== Aim of the exercise ==
Only one stretch of the listing below is wanted. Give it again exactly, from the line with "Jeansene har knappelukking" through the line with "Prompt: a realistic".

== Material supplied ==
──────────

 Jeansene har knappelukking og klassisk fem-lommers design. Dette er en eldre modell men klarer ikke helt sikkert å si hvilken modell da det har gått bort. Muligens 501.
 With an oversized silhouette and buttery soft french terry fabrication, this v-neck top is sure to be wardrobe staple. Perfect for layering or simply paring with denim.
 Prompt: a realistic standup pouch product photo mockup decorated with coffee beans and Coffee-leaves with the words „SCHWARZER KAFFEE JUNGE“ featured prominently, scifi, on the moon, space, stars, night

──────────

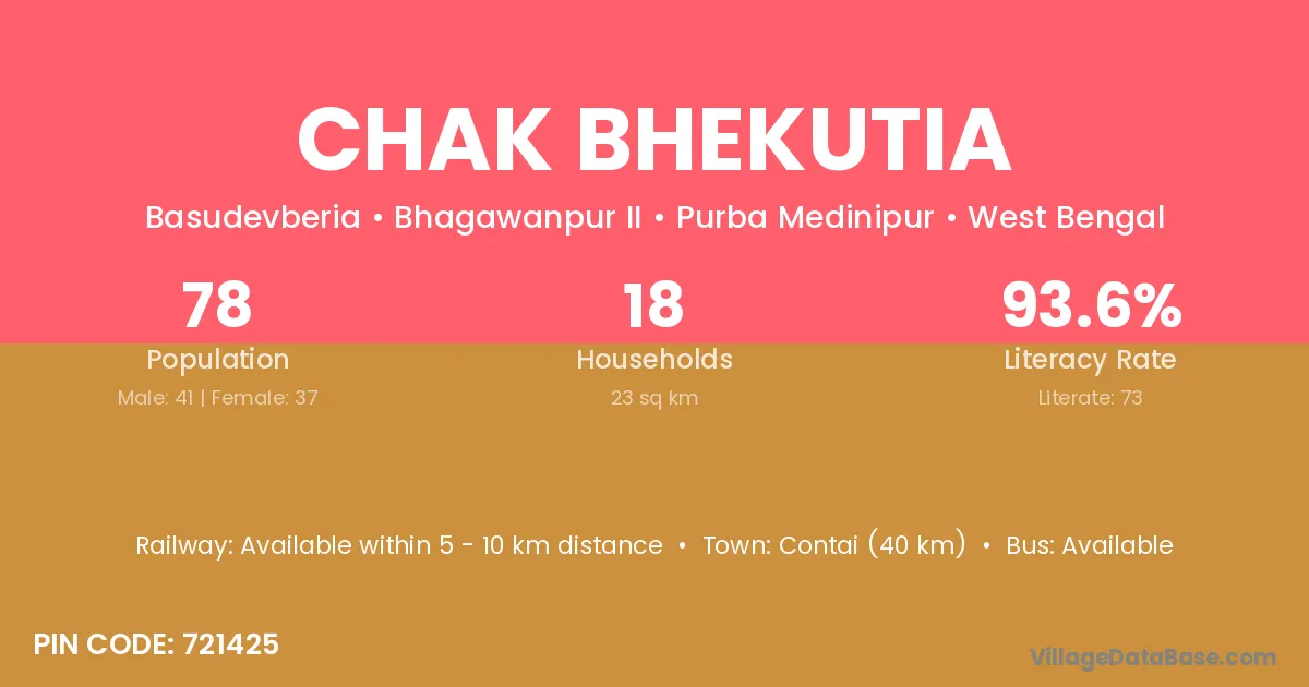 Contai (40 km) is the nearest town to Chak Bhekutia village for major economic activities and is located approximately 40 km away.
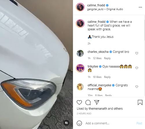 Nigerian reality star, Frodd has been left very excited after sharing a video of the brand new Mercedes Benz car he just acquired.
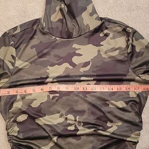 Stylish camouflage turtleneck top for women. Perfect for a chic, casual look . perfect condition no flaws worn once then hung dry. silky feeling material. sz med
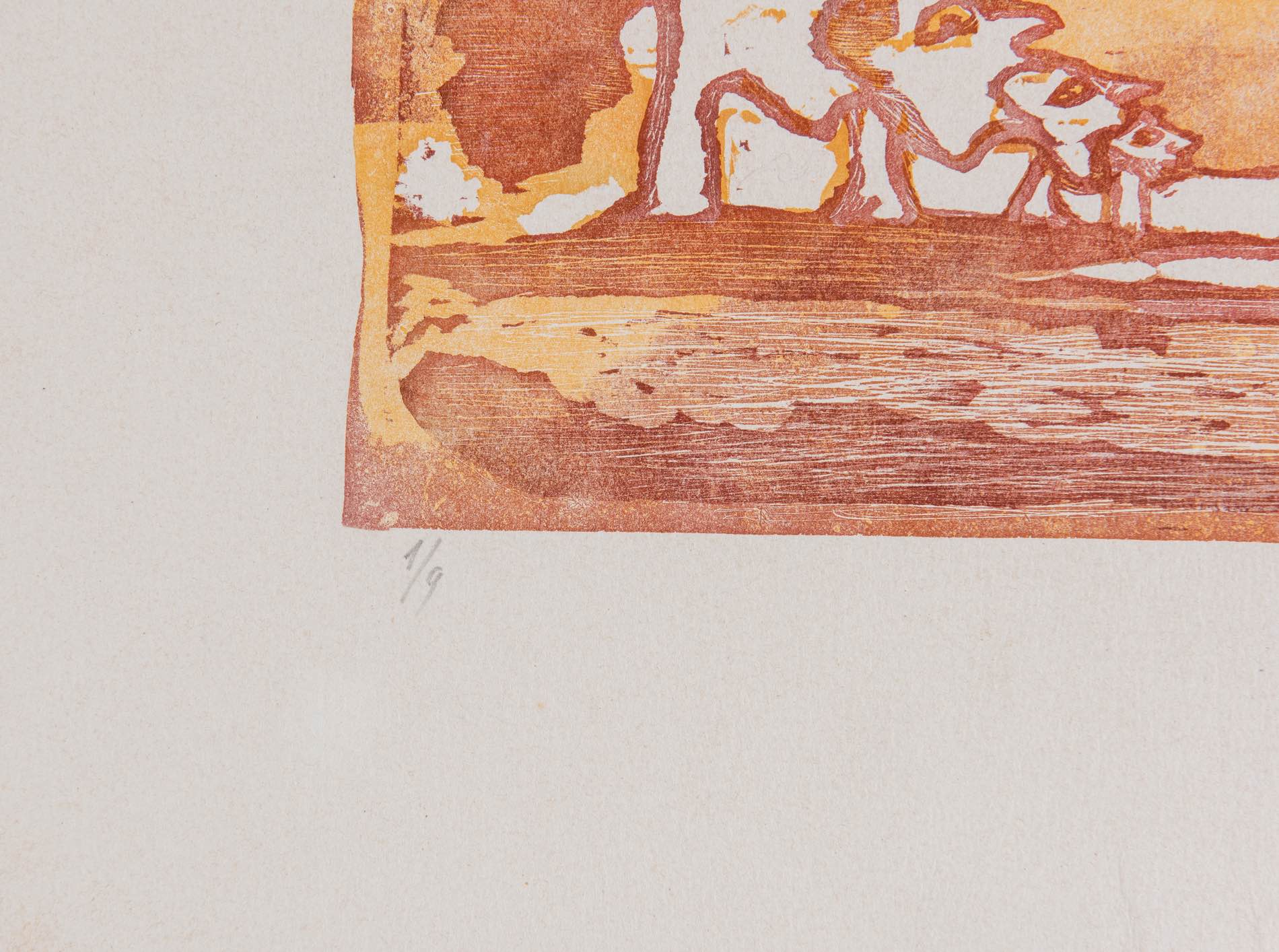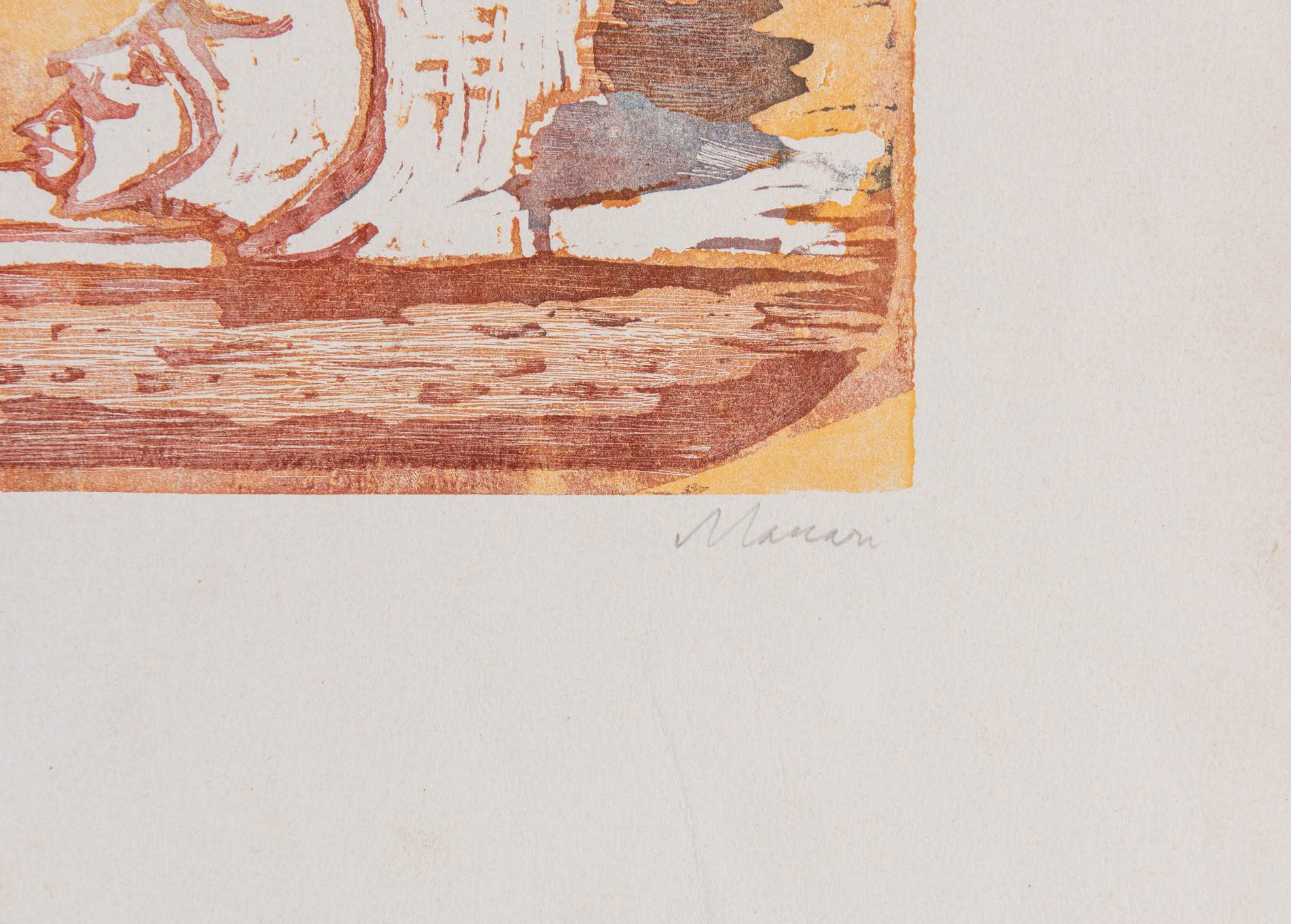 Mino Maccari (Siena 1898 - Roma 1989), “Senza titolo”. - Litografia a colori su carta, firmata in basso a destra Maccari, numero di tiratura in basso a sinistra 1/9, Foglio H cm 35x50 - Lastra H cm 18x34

──────────

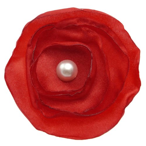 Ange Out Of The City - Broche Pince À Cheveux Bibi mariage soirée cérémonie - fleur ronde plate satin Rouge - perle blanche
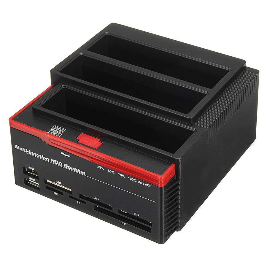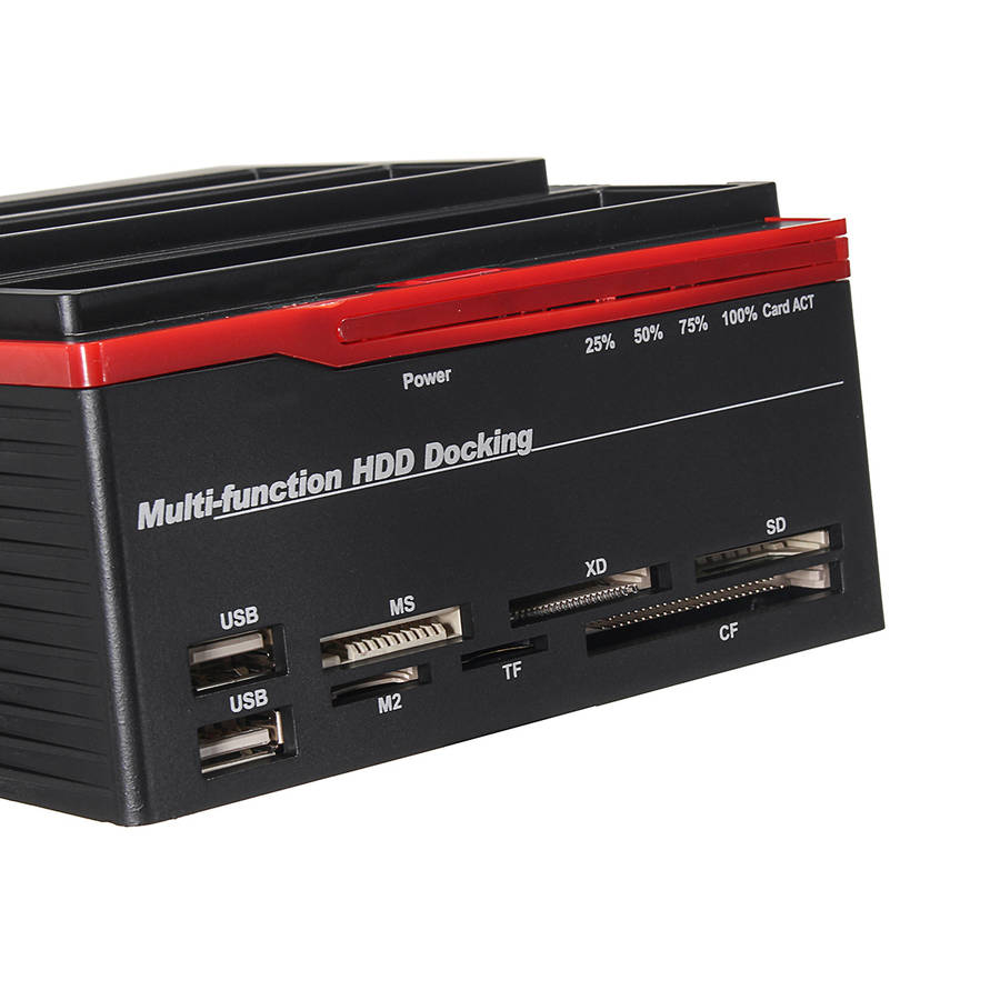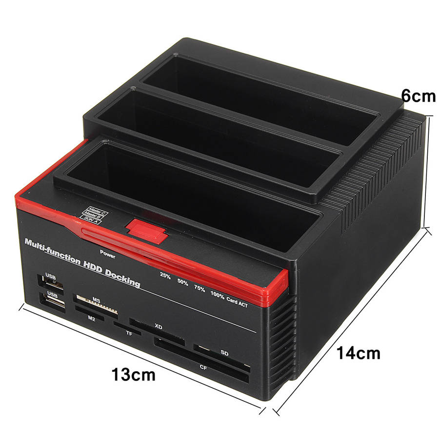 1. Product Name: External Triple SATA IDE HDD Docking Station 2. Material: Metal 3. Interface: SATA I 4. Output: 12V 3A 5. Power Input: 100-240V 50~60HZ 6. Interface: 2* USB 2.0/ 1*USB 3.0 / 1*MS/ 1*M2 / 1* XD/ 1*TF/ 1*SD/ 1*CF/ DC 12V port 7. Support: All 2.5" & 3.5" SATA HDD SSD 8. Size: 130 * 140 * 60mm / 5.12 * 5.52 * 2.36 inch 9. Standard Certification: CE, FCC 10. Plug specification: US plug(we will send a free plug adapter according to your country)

──────────

== Expected output ==
 Jeansene har knappelukking og klassisk fem-lommers design. Dette er en eldre modell men klarer ikke helt sikkert å si hvilken modell da det har gått bort. Muligens 501.
 With an oversized silhouette and buttery soft french terry fabrication, this v-neck top is sure to be wardrobe staple. Perfect for layering or simply paring with denim.
 Prompt: a realistic standup pouch product photo mockup decorated with coffee beans and Coffee-leaves with the words „SCHWARZER KAFFEE JUNGE“ featured prominently, scifi, on the moon, space, stars, night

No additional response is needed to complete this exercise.